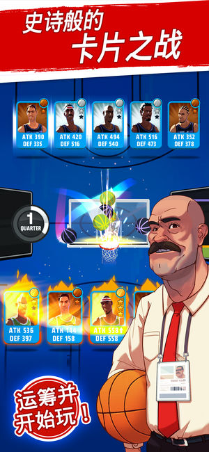 《篮球明星争霸战》让你能掌握这一切。选拔超常的球员,规划你的策略,让你的球队与来自全球各地的真正对手们在卡片热战中放手一搏。在激情中勇往直前争取领先。在关键时刻,置身于3D 球场中一显身手!是传球还是打出三分球?你的选择将决定你是取胜还是失球。 有许多方式可赢得强大的珍稀球员并让其与不断进化的对手们竞技。在《篮球明星争霸战》中,为明星地位投篮吧! 《篮球明星争霸战》特色: · 数百张全动画3D球员卡可供选才,收集,及演化。可用特殊技巧,奖励等来强化你的球队! · 用无穷的战略及玩法来提升自己的球员卡管理 · 球场瞬间动作包括抢球,传球,投篮,和灌篮。你能用压哨投来夺取胜…
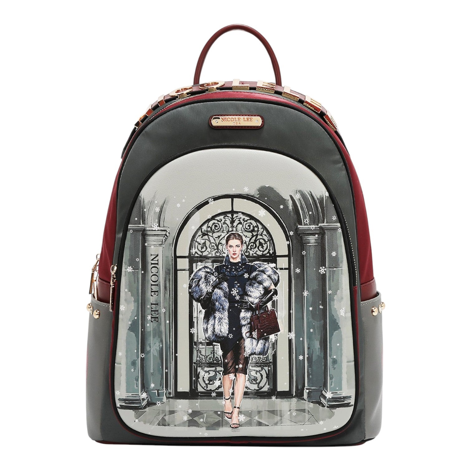 Preciosa Mochila grande Nicole Lee de la nueva colección Moda SnowFlake ideal para trabajo o universidad e incluso para viaje, tiene una gran capacidad, asas regulables a la medida deseada y asa superior de mano. Bolsillos laterales para poner un paraguas o botella de agua. Porta todo adicional a juego para guardar lo que necesites.
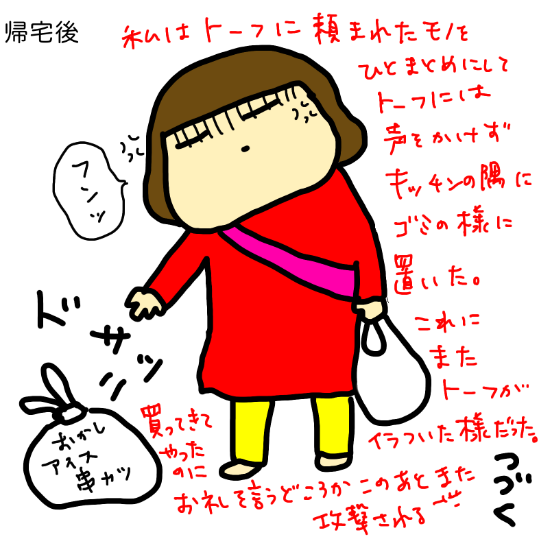 1人で買い物に行けるのは実は貴重な時間で、私はトーフに命じられた物をカゴに入れた後、日用品や食材をいくつか買っていた。そして袋詰めする際、トーフに頼まれた物と私が買った物は別々にした。帰宅後、トーフに頼まれた物はキッチンの隅っこにゴミの様に(笑)置き、自分が買ってきた日用品や食材だけを片付けた。私のそんな態度がトーフは気に入らなかったらしい。つーか、嫌味をいわれながらもわざわざ買い物に行ってやっているのだから、お礼のひとつぐらい言うのが礼儀だと思うが、お礼なんてとんでもなかった。この後またトーフに攻撃されることになる。つづく
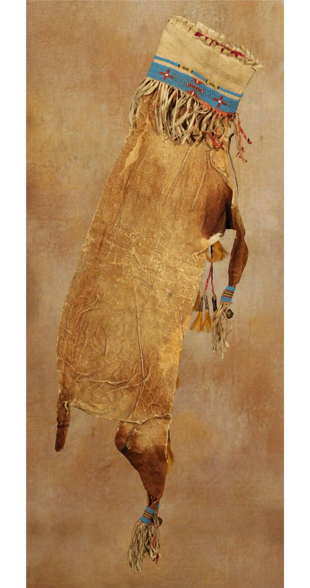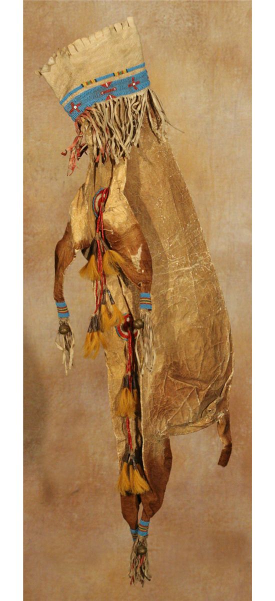 Cheyenne Bag. 36" overall length. Constructed of the tanned hide of an unborn Buffalo calf. Beaded around the top and legs, which are decorated with hawk bells. 4.5" of beaded leather added to the top, lined with trade cloth. Two quilled roundels on the belly with quilled drops of various lengths, terminating in tin cones filled with horsehair. Likely used as a pipe bag. Collected from the Bald Eagle family-Standing Rock reservation. Circa 1880. Provenance: Ex-Wintersteen collection.
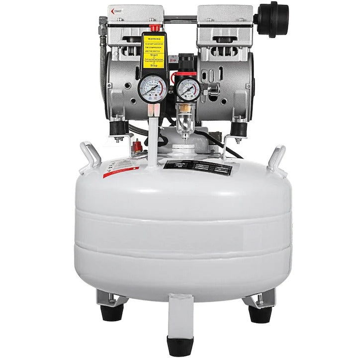 Вместимост 30 л: въздушният компресор е оборудван с безмаслена помпа за минимална поддръжка и 30-литров резервоар за непрекъсната, високоефективна работа.
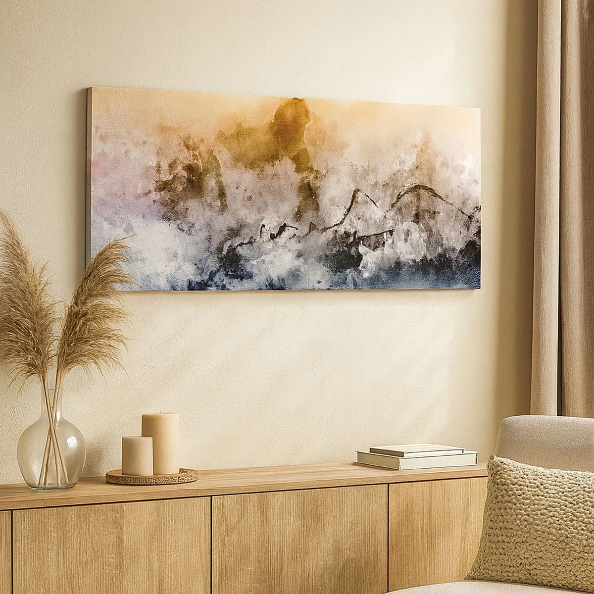 Impression sur toile - Image sur toile - Paysage abstrait avec brouillard et couleurs subtiles - 160x50cm - Noyé dans un nuage de brouillard - Décoration murale moderne pour le salon et la chambre ARTTOR
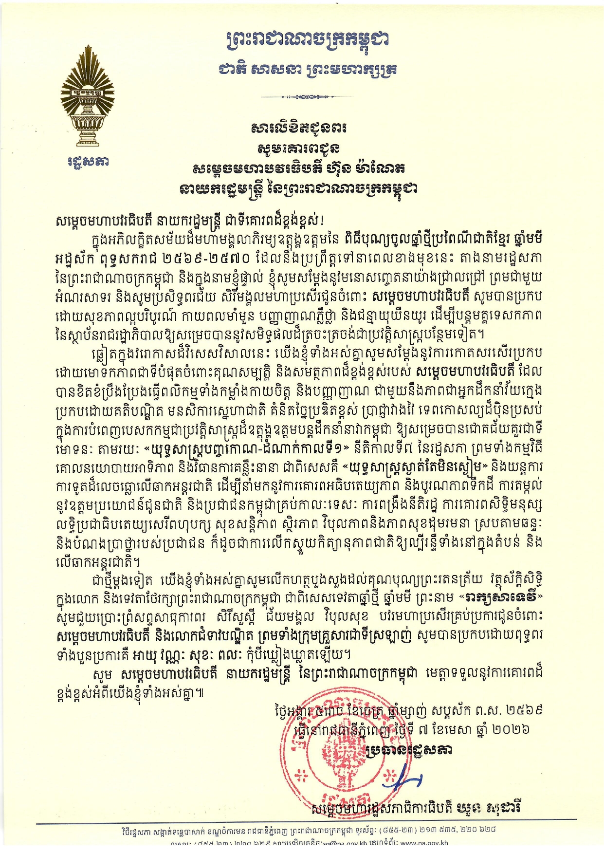 សម្តេចរដ្ឋសភាធិបតី ឃួន សុដារី ផ្ញើសារលិខិតគោរពជូនពរ សម្តេចមហាបវរធិបតី ហ៊ុន ម៉ាណែត ក្នុងឱកាសបុណ្យចូលឆ្នាំថ្មី ឆ្នាំមមី Posted on ថ្ងៃអាទិត្យ, 12 ខែមេសា, 2026ថ្ងៃអាទិត្យ, 12 ខែមេសា, 2026
● ● ● ● ● ● ●
The answer is those lines of the material above that run from the one containing "1人で買い物に行けるのは実は" up to and including the one containing "Provenance: Ex-Wintersteen collection.", restated exactly and without images.

(Result below):
 1人で買い物に行けるのは実は貴重な時間で、私はトーフに命じられた物をカゴに入れた後、日用品や食材をいくつか買っていた。そして袋詰めする際、トーフに頼まれた物と私が買った物は別々にした。帰宅後、トーフに頼まれた物はキッチンの隅っこにゴミの様に(笑)置き、自分が買ってきた日用品や食材だけを片付けた。私のそんな態度がトーフは気に入らなかったらしい。つーか、嫌味をいわれながらもわざわざ買い物に行ってやっているのだから、お礼のひとつぐらい言うのが礼儀だと思うが、お礼なんてとんでもなかった。この後またトーフに攻撃されることになる。つづく
 Cheyenne Bag. 36" overall length. Constructed of the tanned hide of an unborn Buffalo calf. Beaded around the top and legs, which are decorated with hawk bells. 4.5" of beaded leather added to the top, lined with trade cloth. Two quilled roundels on the belly with quilled drops of various lengths, terminating in tin cones filled with horsehair. Likely used as a pipe bag. Collected from the Bald Eagle family-Standing Rock reservation. Circa 1880. Provenance: Ex-Wintersteen collection.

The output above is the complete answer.